RECORDS SUPPLIED
-=-=-

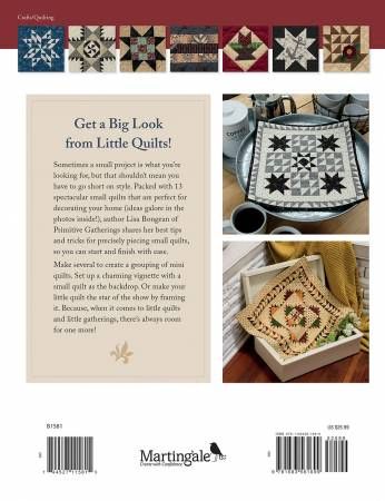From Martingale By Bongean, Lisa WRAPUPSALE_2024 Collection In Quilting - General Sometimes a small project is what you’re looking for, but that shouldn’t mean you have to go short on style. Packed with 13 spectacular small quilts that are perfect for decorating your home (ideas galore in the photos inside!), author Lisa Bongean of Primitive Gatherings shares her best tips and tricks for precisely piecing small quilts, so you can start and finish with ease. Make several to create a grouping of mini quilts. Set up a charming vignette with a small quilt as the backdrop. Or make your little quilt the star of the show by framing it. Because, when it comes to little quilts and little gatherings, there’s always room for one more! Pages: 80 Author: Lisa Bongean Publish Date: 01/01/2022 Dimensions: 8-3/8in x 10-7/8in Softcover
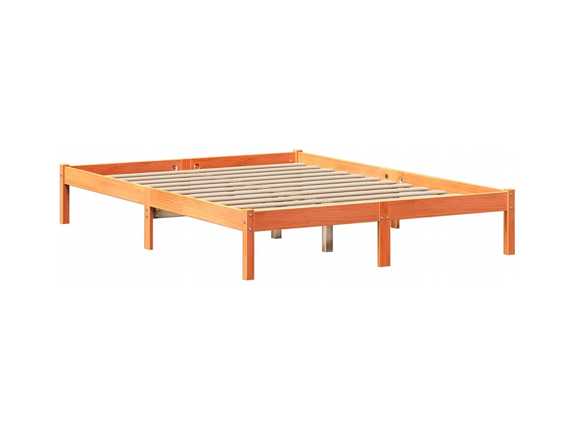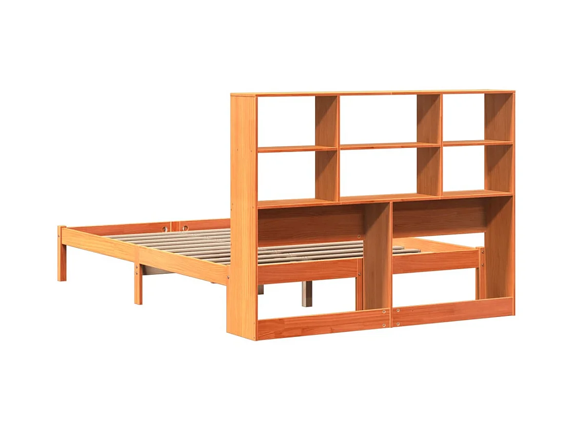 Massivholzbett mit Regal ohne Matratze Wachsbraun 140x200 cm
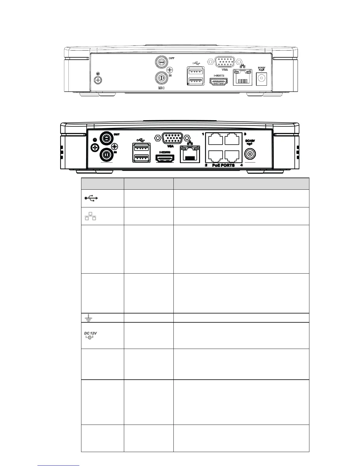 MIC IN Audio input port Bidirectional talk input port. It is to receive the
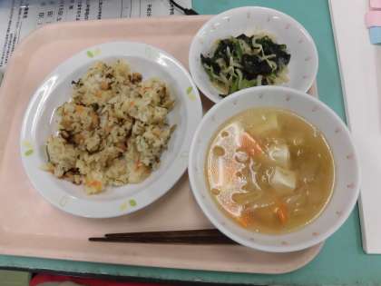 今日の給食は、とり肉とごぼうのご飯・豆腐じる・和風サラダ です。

-=-=-

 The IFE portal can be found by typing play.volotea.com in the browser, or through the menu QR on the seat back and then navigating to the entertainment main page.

-=-=-

EXERCISE DIRECTIONS
Set down exactly the lines above, from the line containing "From Martingale By" through the line containing "今日の給食は、とり肉とごぼうのご飯・豆腐じる・和風サラダ です。". Skip the pictures.

ANSWER SPACE
From Martingale By Bongean, Lisa WRAPUPSALE_2024 Collection In Quilting - General Sometimes a small project is what you’re looking for, but that shouldn’t mean you have to go short on style. Packed with 13 spectacular small quilts that are perfect for decorating your home (ideas galore in the photos inside!), author Lisa Bongean of Primitive Gatherings shares her best tips and tricks for precisely piecing small quilts, so you can start and finish with ease. Make several to create a grouping of mini quilts. Set up a charming vignette with a small quilt as the backdrop. Or make your little quilt the star of the show by framing it. Because, when it comes to little quilts and little gatherings, there’s always room for one more! Pages: 80 Author: Lisa Bongean Publish Date: 01/01/2022 Dimensions: 8-3/8in x 10-7/8in Softcover
 Massivholzbett mit Regal ohne Matratze Wachsbraun 140x200 cm
 MIC IN Audio input port Bidirectional talk input port. It is to receive the
 今日の給食は、とり肉とごぼうのご飯・豆腐じる・和風サラダ です。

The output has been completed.